We are done with doth.snob; let’s concentrate on the .c configuration file, dotc.snob. We’ll put it in the same directory Code.

 

4.2.3       Using pre-packaged configurations: use= statement.

We want to make use of a basic language configuration; we start with this:
dotc.snob

use=C99base.snob

 

The use= statement is similar to the include= statement we’ve seen in doth.snob; the only difference is that Snob looks for the specified file only in its own directory (C:\Snob).

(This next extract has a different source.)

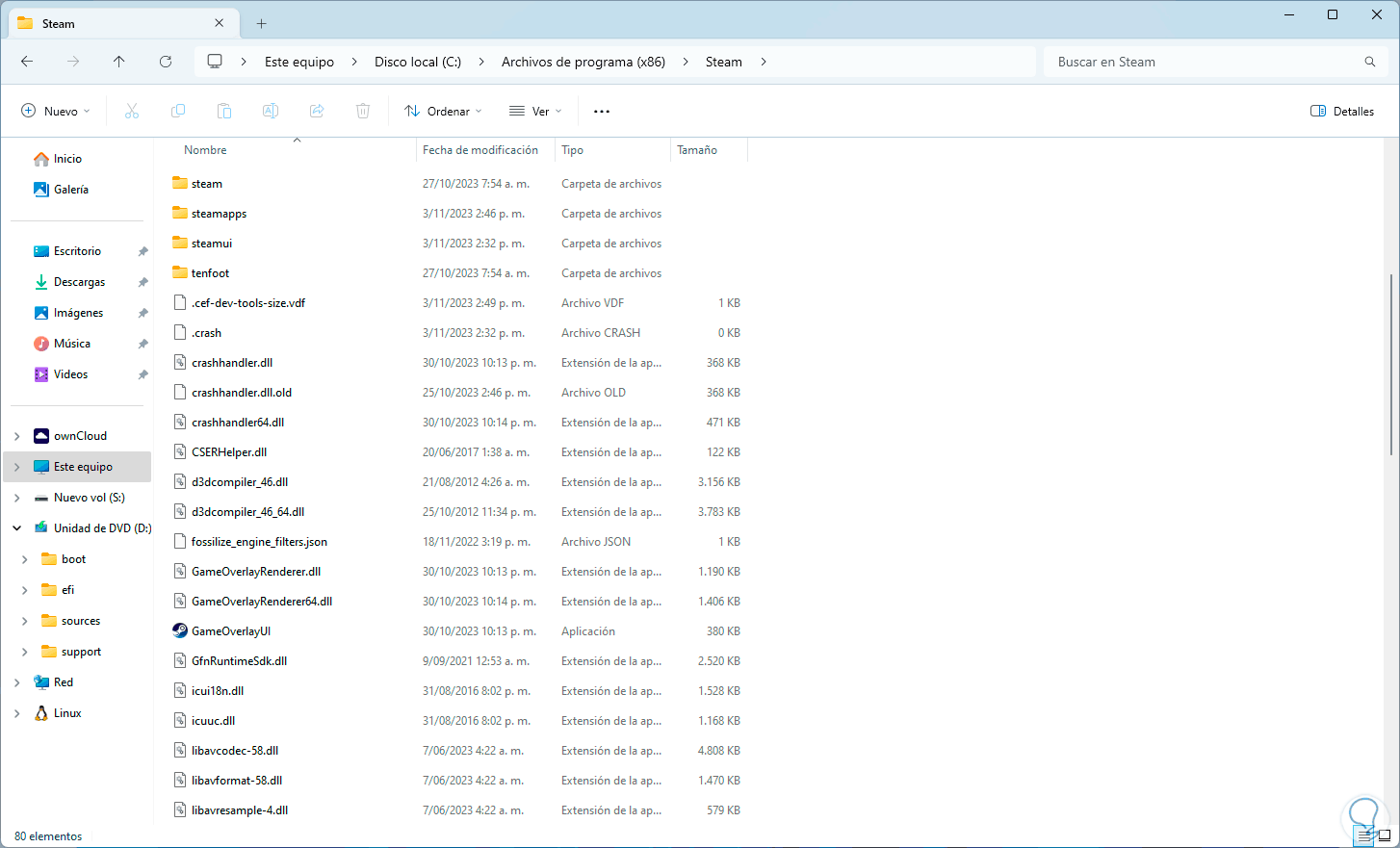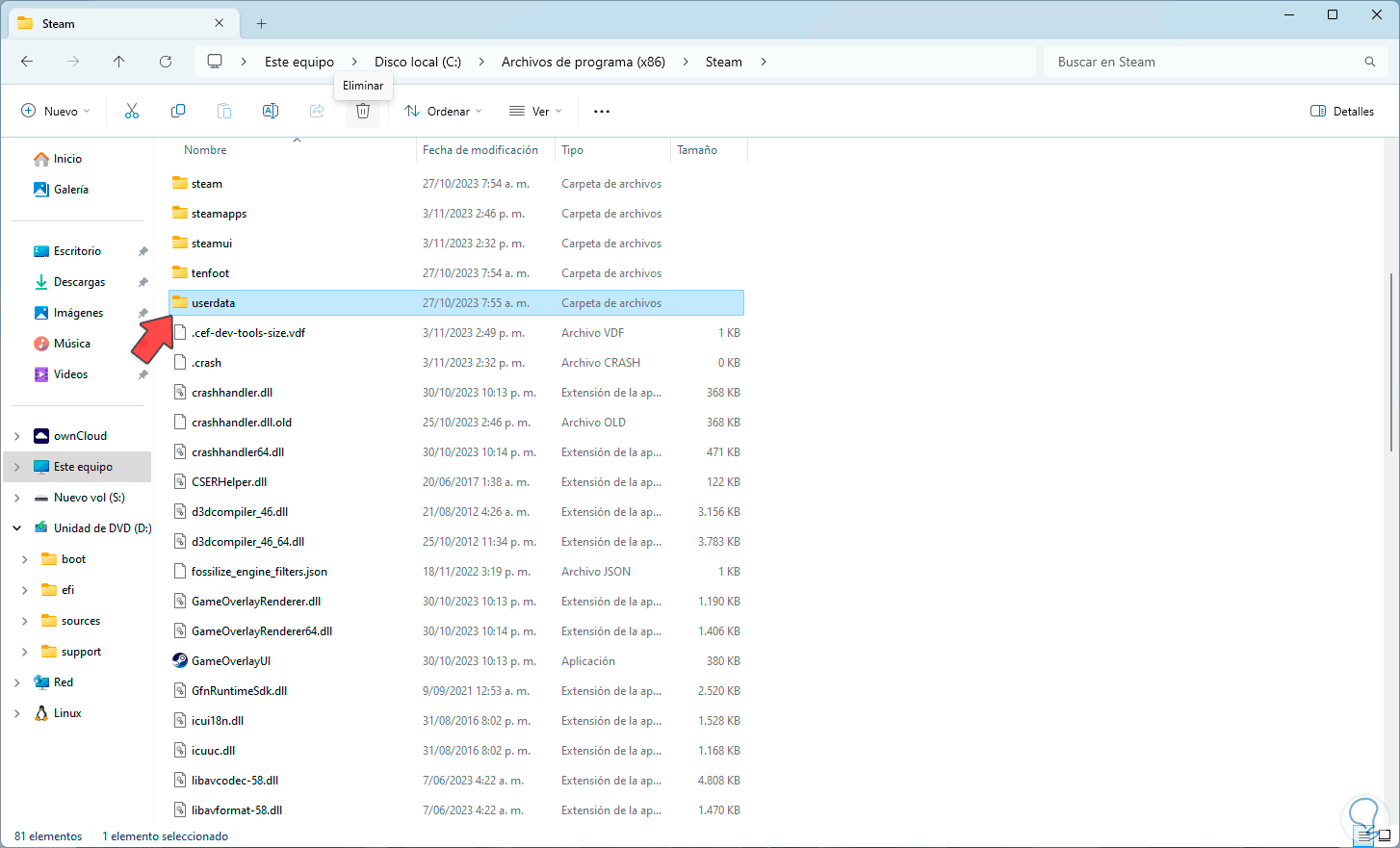 Una vez seleccionada damos clic en “Eliminar” para borrarla. Abrimos Steam.

So, we included the base C configuration pre-packaged in C99base.snob. In the Snob directory, there is another similarly named file, C90base.snob, which is also a C configuration file but corresponding to the previous revision of the C standard. That revision didn’t allow the //-comments we use in the Bark project, so we need the new standard. (Your compiler may be C90 and allow //-comments as a language extension. Snob knows none of this.)

 

The Bark project uses a few C standard library calls and macros; their names must not be obfuscated. (The same, by the way, applies to the standard typedefs, struct, union and enum tags and members.) As to the definitions of them, the Snob directory contains two files to choose from: Crsvnormal.snob and CParanoia.snob. The first file contains commonly used reserved words; the second one reserves anything claimed in the standard however mildly; for instance, it reserves names beginning with an underscore (_). Usually, you’ll be OK with the first file, which we add now to our dotc.snob:

 

use= Crsvnormal.snob

 

We are ready to obfuscate our Bark project.

 

5.    Running Snob and inspecting results

5.1   How to run Snob

Snob is a command-line utility that takes two arguments: your project directory and the name of the directory which will contain the obfuscated version of your project, e.g.,
snob MyProject MyObfuscatedProject

The target directory must not exist yet and its location must be writeable.

 

Snob will create the target directory and clone the directory tree of the project directory (with no files in the target tree yet). Then it will look at each file in the project tree, such as and examine its extension, .ext in this case.

 

The configuration files (doth.snob, dotc.snob and APIfiles.snob) are supplied in Bark\Step1 directory. If you didn’t work along, simply copy those files to Bark\Code. Now change to Bark directory and issue the following command:

C:\Snob\snob Code Obf1

 

Here is the Snob output in all its glory:

 

Looking for configuration files under "Code"

Entering directory "Code"

Searching configuration for the extension .snob

 No configuration file dotsnob.snob found

Searching configuration for the extension .c

 Found configuration dotc.snob in Code

Searching configuration for the extension .h

 Found configuration doth.snob in Code

Leaving directory "Code"

Done looking for configuration files

Looking for API specs under "Code"

Looking for configuration files under "Code"

Entering directory "Code"

 Marking bark.h copy-only

 Marking barktest.c copy-only

Leaving directory "Code"

Done looking for API specs

Processing project "Code" to "Obf1"

Entering directory "Code"

    APIfiles.snob -- skipping

    bark.c --> Obf1\bark.c (process)

    bark.h --> Obf1\bark.h (copy)

    barkpriv.c --> Obf1\barkpriv.c (process)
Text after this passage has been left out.